Moonshine close-upI know you’ve heard it before: “X is my life,” or “He eats, breathes and sleeps X.” Well, I’m hear to tell you that horses have actually become our life. Occasionally, work or sleep or some other mundane thing intrudes, but generally everything we do in some way relates to the fact that we have horses.

This weekend, for instance, we drove all the way to Knoxville (about an hour) to rent a chipper/shredder at Home Depot on Saturday. We spent about six hours collecting fallen trees and branches in the pasture and sending them through that terrifying, but oddly satisfying, maw of wood death. Then on Sunday we drove the hour back to Knoxville (missing church, btw) to return the behemoth within our 24-hour rental period. We are both so sore we can hardly move and have stuffy noses from the dust, and our bank account is $150 lighter (not counting the gas to drive up there and back twice) - but about 27 tons of deadfall is now nice, neat mulch. Of course we want our pasture to look nice, and that’s probably why most people would spend their Saturday clearing it out, but frankly we could have left all that stuff indefinitely. That’s a lot of hard work, and the “natural” look is best for a pasture, don’t you think? But our horses walk through the woods out there all the time, and we’ve been concerned for their safety for months now. So once again, we devoted a weekend to horse maintenance. Last weekend…well, I don’t actually remember last weekend, but past weekends have included putting up hay, fixing fences, fixing barn stalls, clearing weeds in the pasture, driving to the city to get horse supplies - oh, and actual riding, once in a while. Our weekends coming up will include installing a new outlet to plug in the stock tank de-icer, building out the unfinished stall for Romeo, fixing up the old barn for hay storage, installing electric fence…and that’s just what has to be done before winter.

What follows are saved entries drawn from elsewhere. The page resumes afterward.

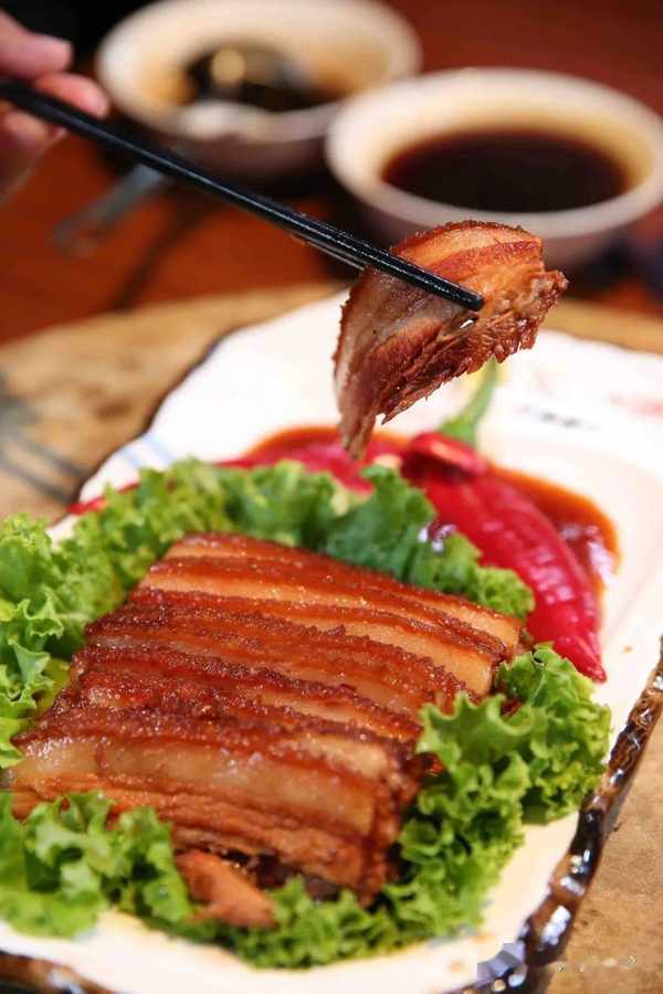 后来魏绍起对“万字扣肉”进行改良,切成长条片状,码在盘中,未吃之前为方形,食用时加一条入口,并且要软而不变形,香而不失肉的鲜美。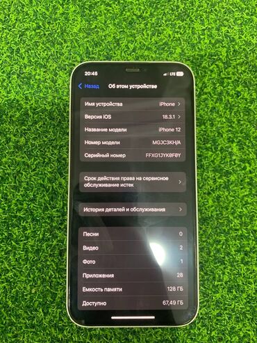 Айфон 12 сатылат абалы жакшы память 64гб АКБ 80% экран таза защитный экран менен колдонулуп журот бут озунуку родной телефон ачылган эмес трутон, фейс айди бар
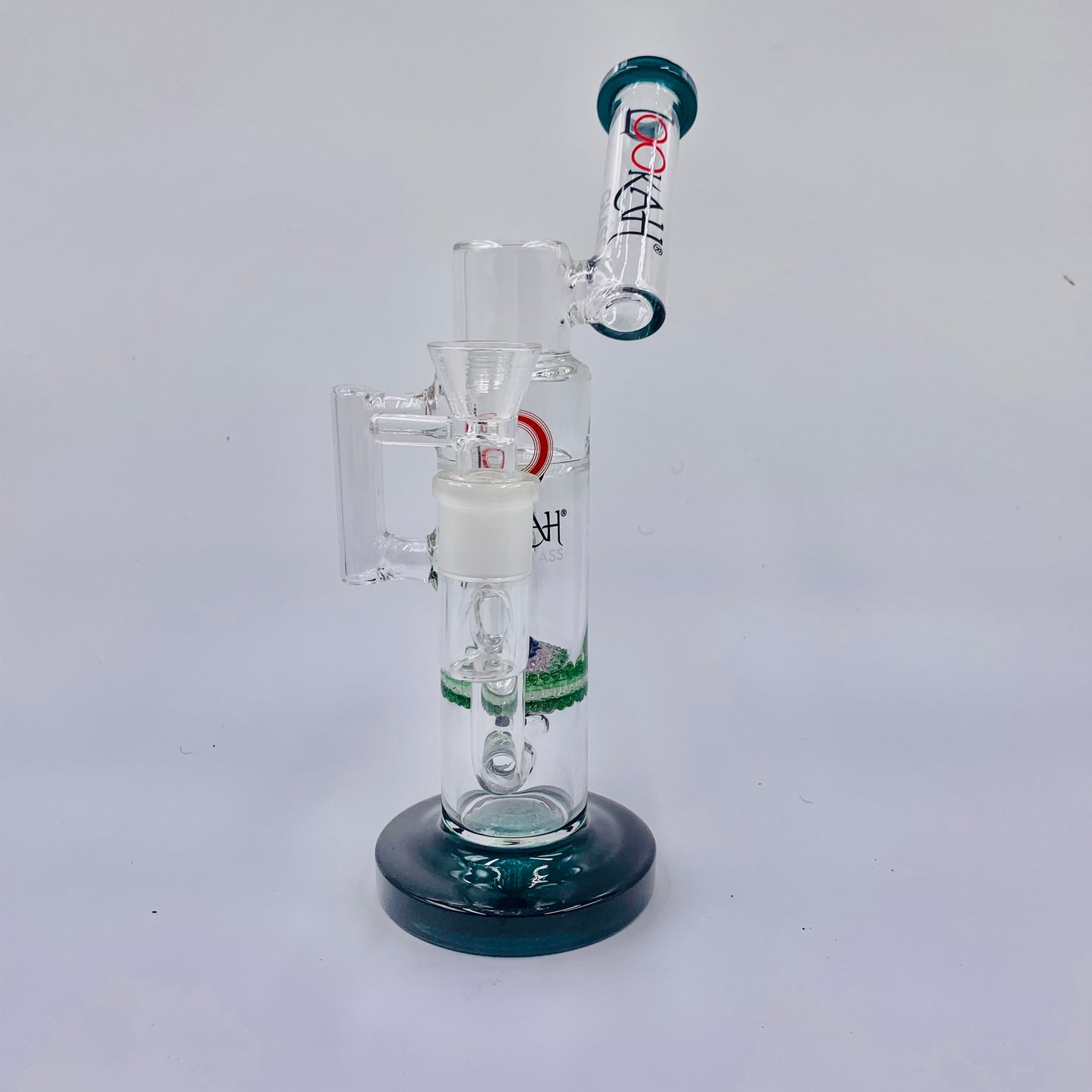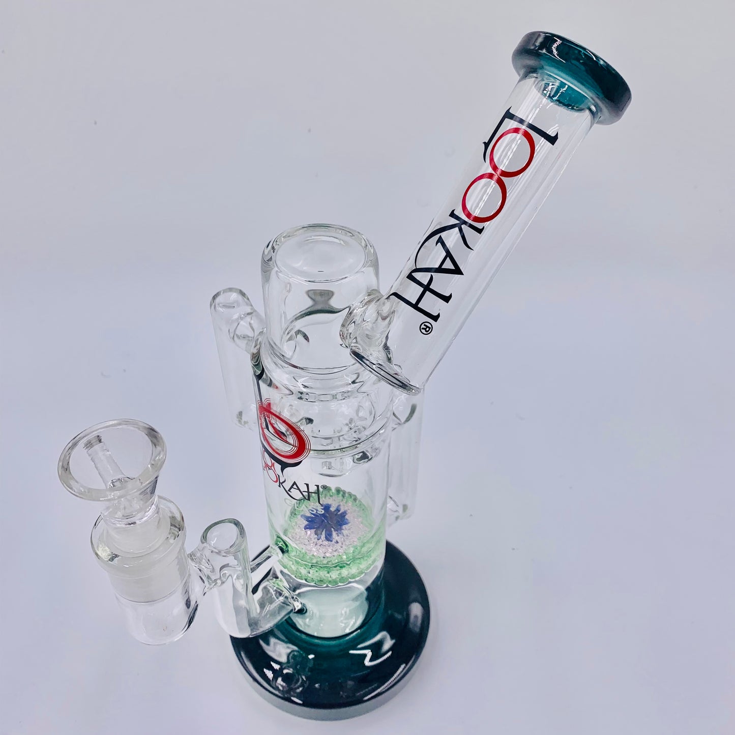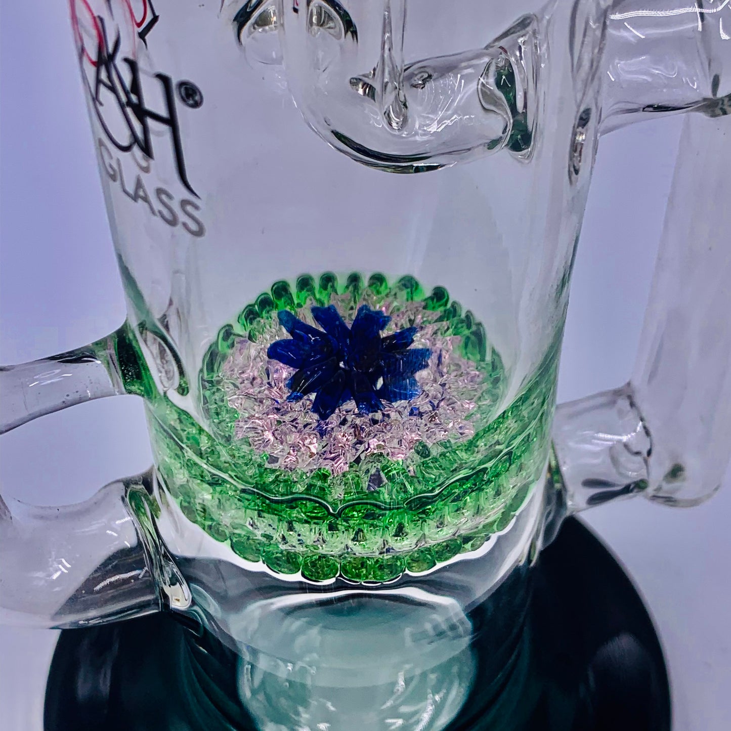 DOUBLE CHAMBER, BEADWORK PERC, AND DUAL RECYCLERS. 18MM FEMALE JOINT AND 18 MALE BOWL PIECE.

I wish we had known ahead of time how time-consuming horse ownership really is. On second thought, maybe it was better not to know.

A Plethora of Horses…and Not Enough Time

Posted by Mikki on 25 Sep 2008 | Tagged as: General, Riding

The HerdWe have been SO busy here the last few weeks. We’ve been traveling, on business and pleasure; the Kid is back in school; Bill and I have both been busy with work; and countless chores (e.g., fence and barn repair - thanks, Cash!) are eating up our time.

On top of that, for about 2 months, I’ve been having problems with my right foot. It has been sore on the ball of my foot right where it rests in the stirrup. I finally went to a podiatrist and she diagnosed it as a Morton’s neuroma. I’ve had 2 shots of cortisone and it’s improved a bit, but it’s still sore enough to make riding unpleasant. So the result of all these things together is that we have four horses in the pasture that are not being ridden. And the weather is getting cooler…it’s the perfect time to ride, ever so briefly, and there’s not a thing we can do about it. :( So frustrating!

So that’s where we’ve been. What’s up with you all? I’m sure you’re spending your cooler fall days and trail rides, or at the last of the horse shows of the season, getting all kinds of riding in before it gets too cold. We’re so jealous.